In the 1990s, when another Clinton was president, conservatives became fond of the phrase “character counts.” This was a way of scoring points against Bill Clinton for his sexual predations and rhetorical misdirections, as well as a statement that Americans expected honor and dignity in the Oval Office. I’ll never forget the family friend, circa 1998, who wondered how she was supposed to explain the meaning of a euphemism for oral sex to her then 10-year-old daughter.

Conservatives still play the character card against Hillary Clinton, citing her disdain for other people’s rules, her Marie Antoinette airs and her potential law breaking. It’s a fair card to play, if only the presumptive Republican nominee weren’t himself a serial fabulist, an incorrigible self-mythologizer, a brash vulgarian, and, when it comes to his tax returns, a determined obfuscator. Endorsing Mr. Trump means permanently laying to rest any claim conservatives might ever again make on the character issue.

Conservatives are also supposed to believe that it’s folly to put hope before experience; that leopards never change their spots. So what’s with the magical thinking that, nomination in hand, Mr. Trump will suddenly pivot to magnanimity and statesmanship? Where’s the evidence that, as president, Mr. Trump will endorse conservative ideas on tax, trade, regulation, welfare, social, judicial or foreign policy, much less personal comportment?

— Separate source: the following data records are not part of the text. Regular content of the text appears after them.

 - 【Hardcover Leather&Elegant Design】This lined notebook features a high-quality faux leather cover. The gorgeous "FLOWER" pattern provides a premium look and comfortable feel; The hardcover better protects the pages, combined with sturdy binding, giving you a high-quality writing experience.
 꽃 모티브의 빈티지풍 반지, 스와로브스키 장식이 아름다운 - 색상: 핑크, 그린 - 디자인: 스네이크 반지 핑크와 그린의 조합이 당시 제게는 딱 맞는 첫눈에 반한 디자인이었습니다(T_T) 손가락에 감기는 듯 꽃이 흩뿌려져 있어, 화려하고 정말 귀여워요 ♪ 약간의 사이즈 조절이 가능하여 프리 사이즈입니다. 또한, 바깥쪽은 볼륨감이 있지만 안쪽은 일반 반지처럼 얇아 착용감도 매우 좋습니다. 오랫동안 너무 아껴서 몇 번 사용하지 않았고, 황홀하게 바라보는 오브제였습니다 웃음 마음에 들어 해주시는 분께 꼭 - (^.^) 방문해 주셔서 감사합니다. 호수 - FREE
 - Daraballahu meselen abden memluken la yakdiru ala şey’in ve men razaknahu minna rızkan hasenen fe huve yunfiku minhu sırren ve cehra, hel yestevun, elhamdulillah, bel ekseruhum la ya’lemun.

On Monday, former Louisiana Gov. Bobby Jindal, who savaged Mr. Trump during the campaign, published an op-ed in these pages on why he plans to cast his vote for the real-estate developer as “the second-worst thing we could do this November.” Too much is at stake, Mr. Jindal said, on everything from curbing the regulatory excesses of the Obama administration to appointing a conservative judge to the Supreme Court, to risk another Democratic administration.

Mr. Jindal holds out the hope that Mr. Trump, who admires the Supreme Court’s 2005 Kelo decision on eminent domain (the one in which Susette Kelo’s little pink house was seized by the city of New London for the intended benefit of private developers), might yet appoint strict constructionists to the bench. Mr. Jindal also seems to think that a man whose preferred style of argument is the threatened lawsuit and the Twittertantrum, can be trusted with the vast investigative apparatus of the federal government.

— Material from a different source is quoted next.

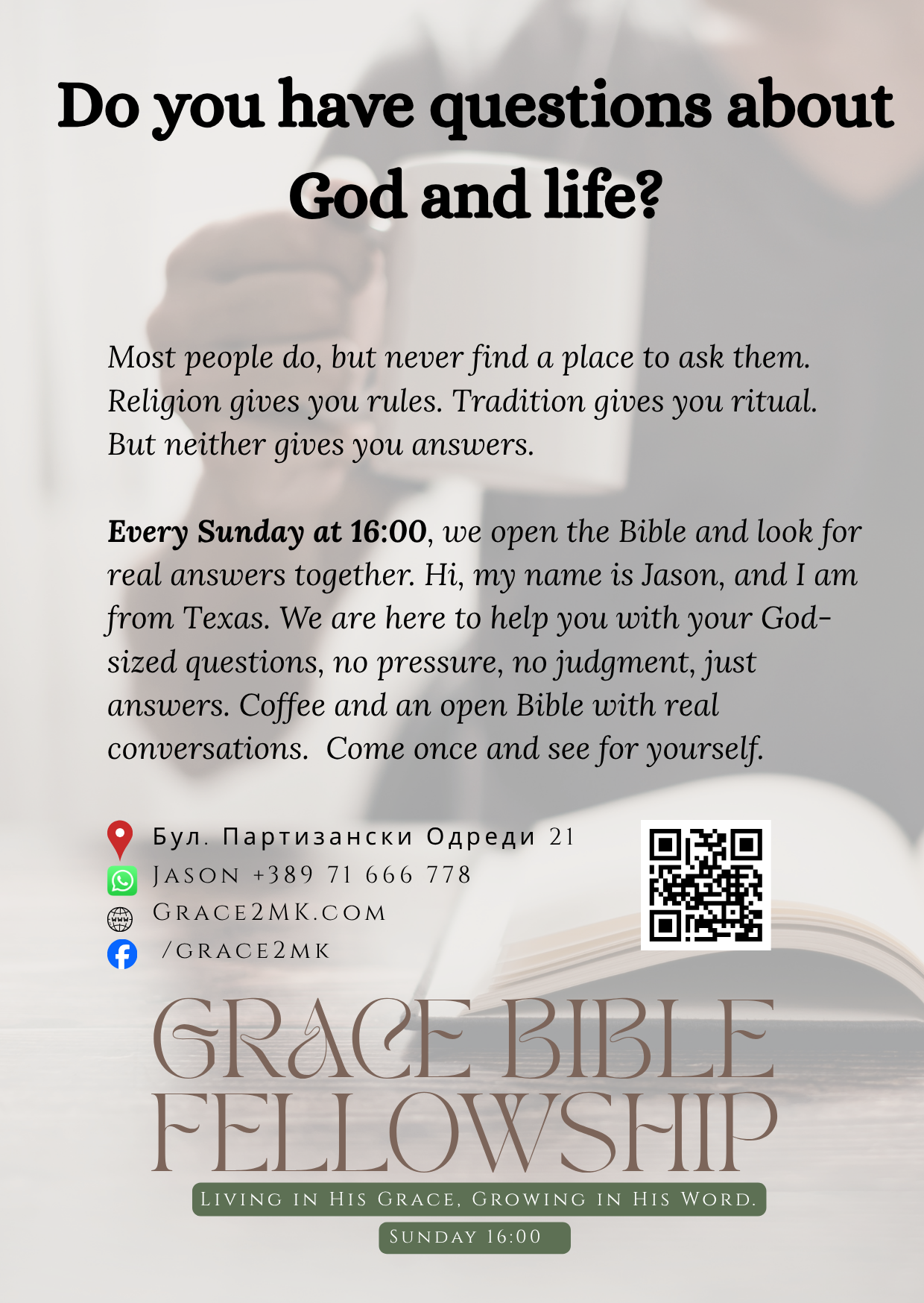 We are excited to announce the start of our regular fellowship times here in Skopje! Beginning Spring 2026, we will meet weekly for:

The deeper mistake that Mr. Jindal and other lukewarm Trump supporters make is to assume that policy counts for more than ideas—that is, that the policy disasters he anticipates from a Clinton administration will be indelible, while Trumpism poses no real threat to the conservative ideas he has spent a political career championing. This belief stems from a failure to take Trumpism seriously, or to realize just how fragile modern conservatism is as a vital political movement.

But Trumpism isn’t just a triumph of marketing or the excrescence of a personality cult. It is a regression to the conservatism of blood and soil, of ethnic polarization and bullying nationalism. Modern conservatives sought to bury this rubbish with a politics that strikes a balance between respect for tradition and faith in the dynamic and culture-shifting possibilities of open markets. When that balance collapses—under a Republican president, no less—it may never again be restored, at least in our lifetimes.

For liberals, all this may seem like so much manna from heaven. Mr. Trump’s nomination not only gives his Democratic opponent the best possible shot at winning the election (with big down-ballot gains, too), but of permanently discrediting the conservative movement as a serious ideological challenger. They should be careful what they wish for. Mr. Trump could yet win, or one of his epigones might in four or eight years. This will lead to its own left-wing counter-reactions, putting America on the road to Weimar.

For conservatives, a Democratic victory in November means the loss of another election, with all the policy reversals that entails. That may be dispiriting, but elections will come again. A Trump presidency means losing the Republican Party. Conservatives need to accept that most conservative of wisdoms—sometimes, losing is winning, especially when it offers an education in the importance of political hygiene.